Useless my love - as vain as this regret
That pours my hopeless life across thy grave ".

literature

  • Francis L. Bickley / Sayoni Basu, Nicolson nee Cory, Adela Florence pseud. Laurence Hope (1865-1904), Dictionary of National Biography 2004.
  • Lesley Blanch: "Laurence Hope - A Shadow in the Sunlight." Under a Lilac-Bleeding Star: Travels and Travelers. London: John Murray, 1963: 184-208.
  • Jennifer Carter: Love Among the Lotuses. NLA News (National Library of Australia) 12: 2 (November 2001).
  • John Jealous: Laurence Hope (1865-1904) . The 1890s: An Encyclopedia of British Literature, Art, and Culture. New York: Garland, 1993. pp. 283f.
  • Edward Marx: Violet (Adela Florence) Nicolson. Encyclopedia of British Women Writers. Ed. Paul Schlueter and June Schlueter. New York: Garland, 1999. pp. 476f.

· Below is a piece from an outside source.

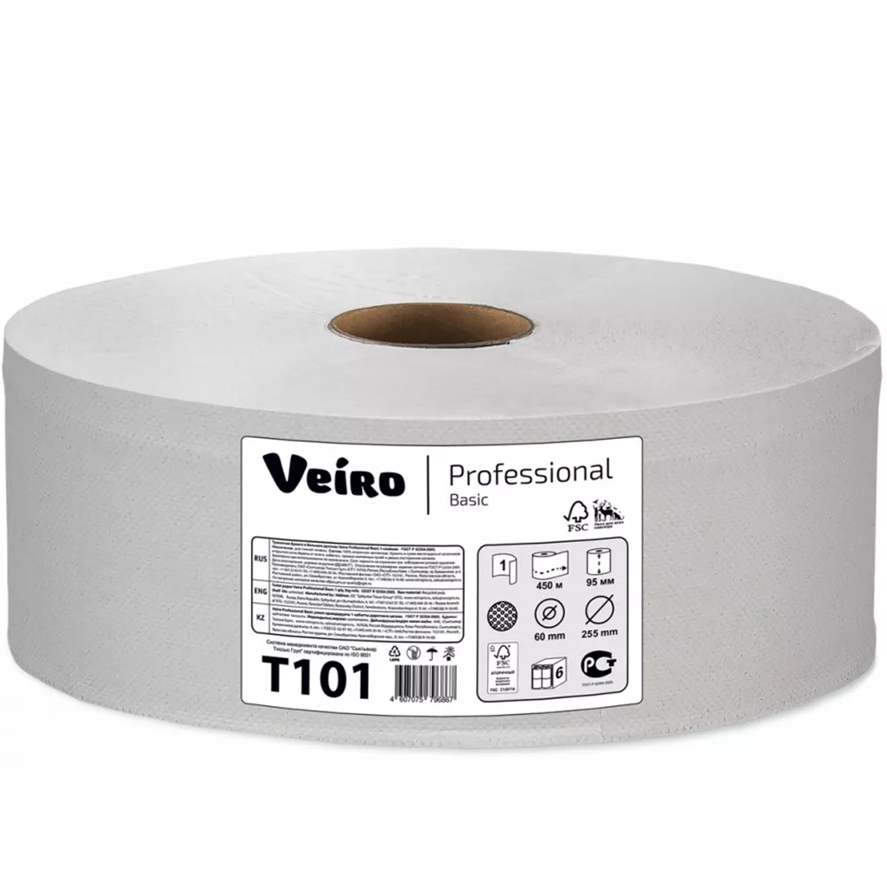 Туалетная бумага «Linia Veiro» Prof Basic в больших рулонах 1сл 450 метров

  • Edward Marx: "Laurence Hope (Adela Florence Cory Nicolson)." Late Nineteenth- And Early Twentieth-Century British Women Poets (Dictionary of Literary Biography, Vol. 240). Ed. William Thesing. Detroit: Gale Group, 2001. pp. 88-93.
  • Edward Marx: Reviving Laurence Hope. Women's Poetry, Late Romantic to Late Victorian: Gender and Genre . Ed. Isobel Armstrong and Virginia Blain. London; New York: Macmillan Press, 1998. Catalog listing
  • Edward Marx: Decadent Exoticism and the Woman Poet. Women and British Aestheticism. Ed. Kathy Psomiades and Talia Schaffer. Charlottesville: University Press of Virginia, 2000.
  • Edward Marx: The Exotic Transgressions of 'Laurence Hope'. In: The Idea of ​​a Colony: Cross-Culturalism in Modern Poetry . Toronto: University of Toronto Press, 2004.
  • Anindyo Roy: Gold and Bracelet, Water and Wave: Signature and Translation in the Indian Poetry of Adela Cory Nicolson. In: Women: a cultural review 13.2 (2002): pp. 145-168.